Joe “Joey Sh*thead” Keithley hasn’t traded-in his punk rock ways to take a seat on Burnaby City Council.
He and his band D.O.A. are often referred to as some of the founders of “hardcore punk” and they’re still touring and encouraging their fans to fight back against the system. Coincidentally the name of their 4oth anniversary album, released in May,and speaks out against a system Keithley is now a part of.
“Being in D.O.A. is like being on this really crazy fun soapbox talking about whatever you want. We have been doing that, in a sense, for about 4o years, you could call it being a cultural politician and trying to affect change through our music,” said Keithley while on the road, headed to a show in Oregon.
The phone call that would hurl him into politics followed a neighbourhood battle against a development in a second-growth forest in his hometown of Burnaby. The Green Party asked him to consider joining them and after some consideration, Keithley was in. Running provincially and locally, he finally earned his seat on council in October.

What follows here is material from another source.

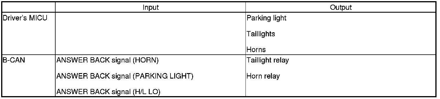 The driver's MICU controls the lighting system and horns based on keyless signals sent by B-CAN.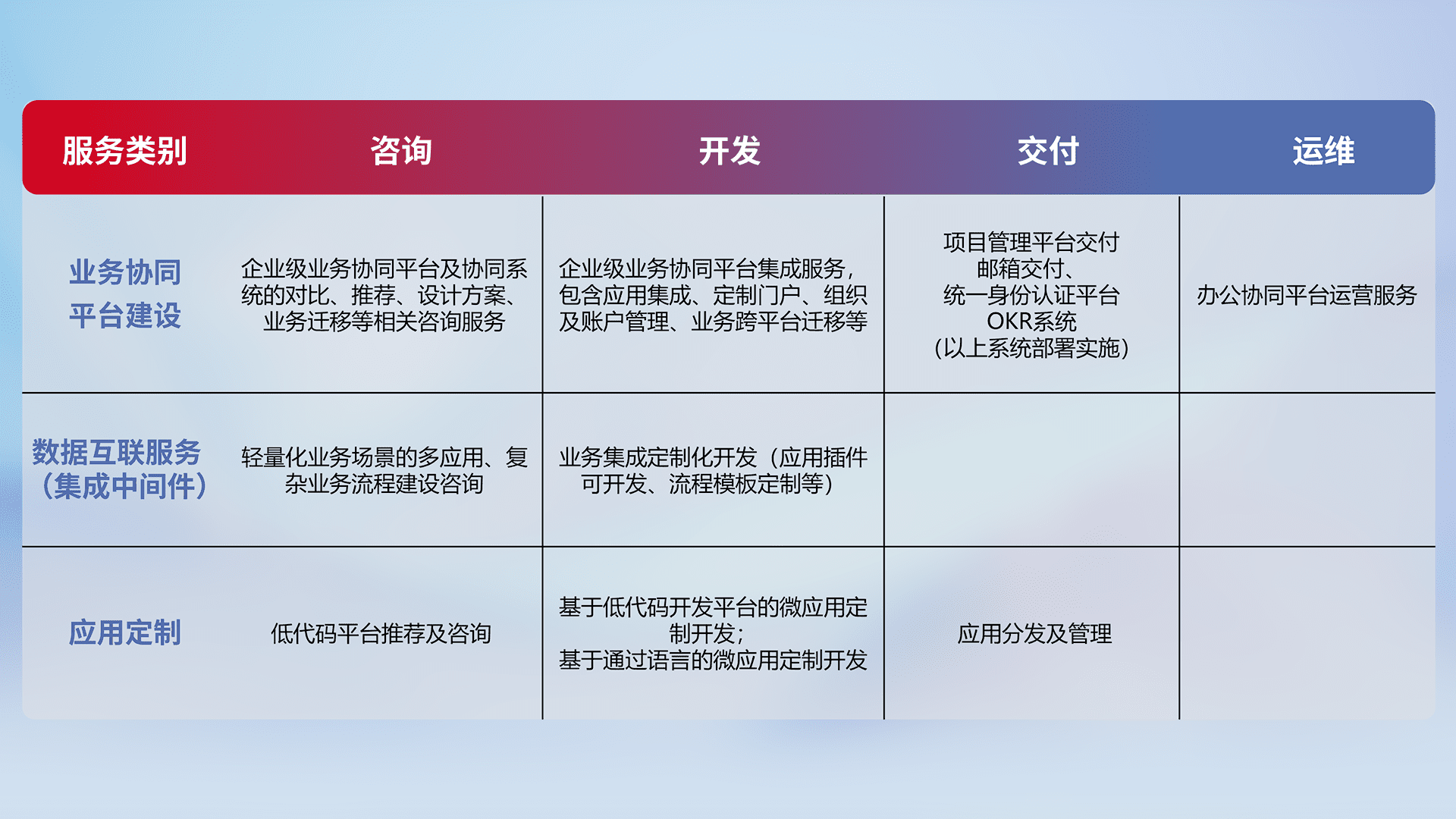 针对钉钉、、、企微、、、、IDaas等平台级产品提供产品的规划、、、、方案、、交付、、、定制化开发等服务,,,,实现如统一协同办公、、智能客户服务、、、、混合会议管理、、、、智能数据查询、、、等业务场景,,,,实现数字化转型。。。

“Some might call it third time lucky,” said Keithley.
Punk music has always been entrenched in politics and speaking out against social norms and what they perceive as injustices.
“What I have been promoting for years, all along through D.O.A., is grassroots democracy, where people can actually have a say. I have got a few ideas about how to bring city hall to people as opposed to people coming to city hall and politicians snubbing their nose at them,” said Keithley.
Through his life experience, music and history, the lead singer and guitarist hopes to inspire a younger and more diverse demographic to branch into politics.
“We need more women running and more people of colour running so it’s not just a bunch of old white guys. We need more young people involved so it’s not just a bunch of old white guys,” said Keithley.
Musicians may be the key to unlocking a more diverse demographic according the punk rocker, with their different view of the world from travelling on tour, experiencing different cultures and understanding what fans want could give them an edge in the political sphere while appealing to a different demographic.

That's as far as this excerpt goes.